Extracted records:
=-=-=

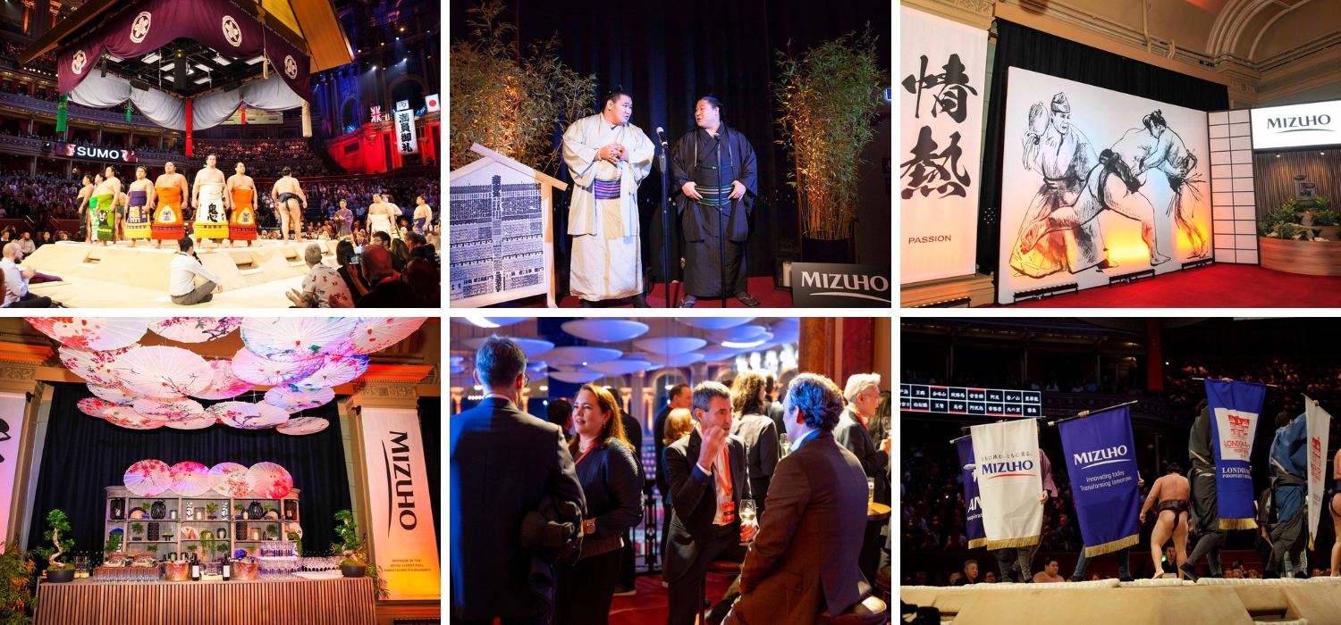Mizuho hosted a special client reception in a bespoke Mizuho-branded gallery space within the Hall. Over 180 guests joined us for an unforgettable evening, surrounded by elegant Japanese motifs and the electric atmosphere of live sumo.
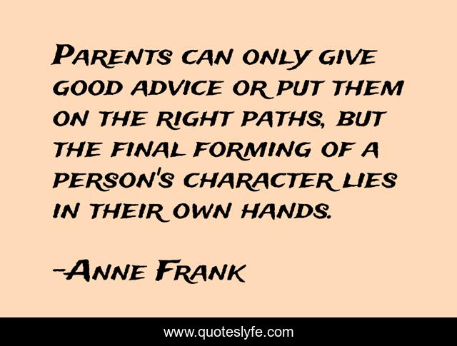 "Anne Frank Quotes." Quoteslyfe.com, 2025. Mon. 08 Dec. 2025. <https://www.quoteslyfe.com/quote/Parents-can-only-give-good-advice-or-3819>.
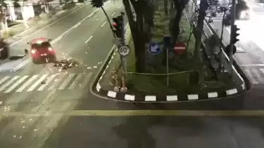Surabaya, tvOnenews.com - Kamera electronic traffic law enforcement (ETLE) berhasil merekam aksi ugal ugalan pengendara mobil Agya merah yang menewaskan seorang pengendara bermotor di jalan Diponegoro, Surabaya.
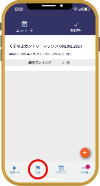 連携完了後、アプリ内の大会ページに「くすのきカントリーマラソン ONLINE 2021」が表示されていれば、準備完了です。
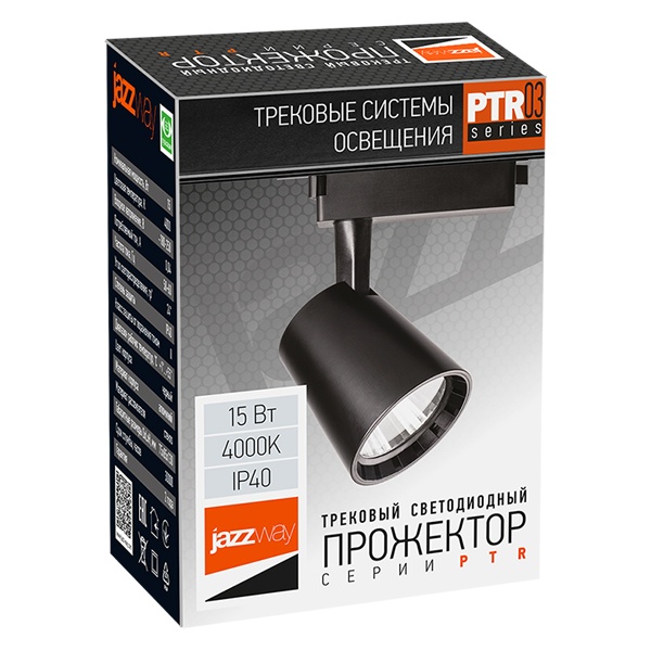 Светодиодный прожектор для трековых систем JazzWay PTR 03, 15Вт, нейтральный белый свет, черный корпус 5010604
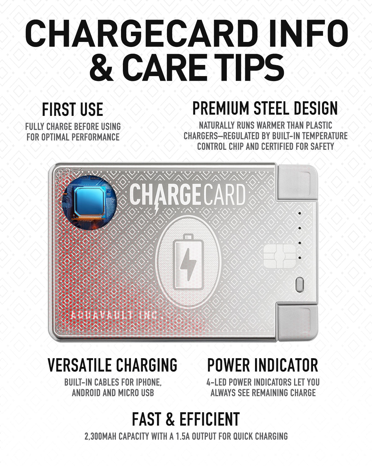 Proper care Instructions: Please read the instructions inside the box to fully understand how to properly use the ChargeCard which also includes what not to do.
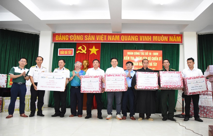 Đại diện các ngân hàng tặng quà cán bộ, chiến sĩ đảo Đá Tây A
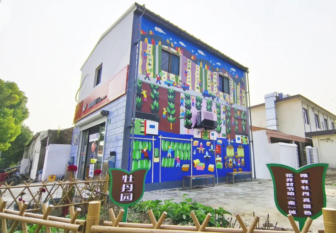 外立面墻上,巨幅農民畫描繪著現代煙草農業(yè)場景;墻角花圃里,株株牡丹向陽綻放……金山區(qū)呂巷鎮(zhèn)薔薇村村頭,阿秀食品店吸引了不少路人駐足觀賞、拍照打卡。
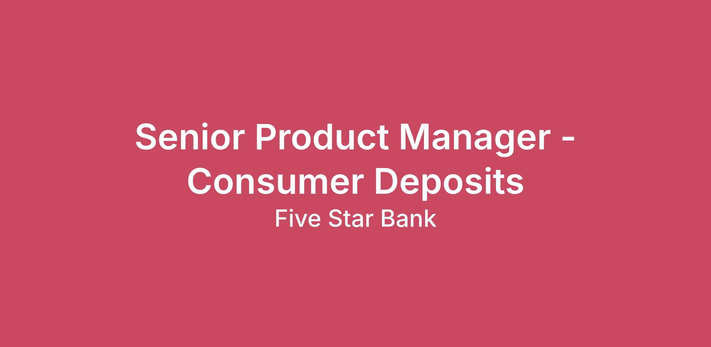 Purpose: The Senior Product Manager of Consumer Deposits is responsible for the development, design, pricing and management of our Consumer Deposit product set. This includes reporting and insights related to activity, pricing, profitability, customer growth and product mix within their portfolio of focus. Additionally, the Senior Product Manager will provide continued evaluation and recommendation of new product features/functionality and process enhancements to help us meet customer needs, enterprise goals and remain competitive. The Senior Product Manager partners with key stakeholders including line of business leadership, Finance, Marketing, Risk, Operations, Technology and others on the concept, build and delivery of new products, as well as changes to existing products – all in support of a positive customer experience, sound product governance and successful outcomes. This includes engaging with our governance bodies, such as New Product Approval and ALCO, and adhering to all processes and procedures related to change management. This role supervises the Deposit Product Analyst and directs their workflow to deliver the appropriate reporting, analysis and insights to manage the product portfolio. The Senior Product Manager will also work closely with the rest of the Product team and provide counsel and support as needed to teammates with other product portfolios. Essential Functions:Product Strategy: Maintain a roadmap for the product portfolio that aligns with enterprise objectives. This includes understanding market trends, customer needs, and the competitive landscape. Able to articulate how our products fit into the broader strategy of the bank and address specific client segments.Product Development and Management: Responsible for overseeing the development and enhancement of Consumer Deposit products. This involves working closely with Operations, Technology, Line of Business and Compliance to ensure that the products are user-friendly and can be successfully deployed within our environment.Analysis and Insights: Conduct market research and gather customer feedback to understand the needs and pain points of clients. Develop KPIs and perform user research to inform decisions about product development, marketing, and positioning.Regulatory Compliance: Work with stakeholder to ensure that product design complies with relevant laws and regulations. Adhere to change management processes, including following all required steps and obtaining all necessary approvals. This includes staying updated on changes in the banking regulatory environment and working with legal and compliance teams to navigate these complexities. This also includes taking a leading role in facilitating agreements and disclosures related to product launches and changes.Financial Management: Help manage the budget for product development and assist with forecasting and analyzing the financial performance of the product portfolio. Ensure that the products are profitable and contribute positively to the bank's bottom line.Cross-functional Collaboration: The role requires collaboration with various departments within the bank such as marketing, compliance, risk management, operations, and business leaders. The Senior Product Manager needs to ensure that all teams are aligned with the product strategy and have the necessary tools and information to effectively sell and support the products. Demonstrate the standards and principles of the Five Star Bank experience in every interaction with internal and external customers, associates, and stakeholders. Incorporate the high-performance behaviors of teamwork, leading by example, and service in every facet of work.Sales, Marketing and Communication Support: Provide support to Marketing, Sales and Communications to ensure effective outreach, promotion and change communications for product launches or changes. This could involve training sales teams, procedures, user guides, fact sheets, FAQ’s, sales documents, agreements, and customer election forms.Customer Experience and Service: Ensure that the product offers a high-quality customer experience. This includes keeping abreast of the customer service touch points related to the product, addressing any issues or feedback, and continuously seeking ways to enhance customer satisfaction.Product Lifecycle Management: Responsible for managing the entire lifecycle of each product, from inception to retirement. This includes making decisions about when to update, enhance, or discontinue products.SME: Serves as a product subject matter expert for our Consumer Deposit product set. Job Related Qualifications:Required:Education: Bachelor’s Degree in Business Administration, Finance, Marketing or related field Prior Experience: 7+ years Product Management, or a combination of Consumer Banking experience in Banker, Marketing, or Customer Experience functions.Licenses or Accreditation: N/A -OR- Preferred:Education: Master’s DegreePrior Experience: 10+ years’ experience in Consumer Banking Product Management, including roles supporting deposit products, managing vendor relationships, and developing product pricing strategy. Licenses or Accreditation: N/A Competencies:Product Competency: Embraces the role of a product manager in a multi-stakeholder ecosystem with a demonstrable understanding of product, pricing, placement, and promotion. Has demonstrated understanding of Consumer Deposit products and services, including digital banking features and technologies.Analytical ability to interpret data and present it in a meaningful and easily understood form. Work extensively with spreadsheets to analyze financial data, predict future costs, revenue and profitability with support from internal finance team.Excellent written and verbal communication skills. Able to tailor communication to unique audiences at all levels of the organization, as well as with external vendors.Excellent project management and collaboration skills. Ability

=-=-=

Exercise directions: Copy exactly the lines of the entries above from the one containing "連携完了後、アプリ内の大会ページに「くすのきカントリーマラソン ONLINE 2021」が表示されていれば、準備完了です。" through the one containing "Proper care Instructions: Please". Both end lines count; pictures do not.

Solution for this problem:
 連携完了後、アプリ内の大会ページに「くすのきカントリーマラソン ONLINE 2021」が表示されていれば、準備完了です。
 Светодиодный прожектор для трековых систем JazzWay PTR 03, 15Вт, нейтральный белый свет, черный корпус 5010604
 Proper care Instructions: Please read the instructions inside the box to fully understand how to properly use the ChargeCard which also includes what not to do.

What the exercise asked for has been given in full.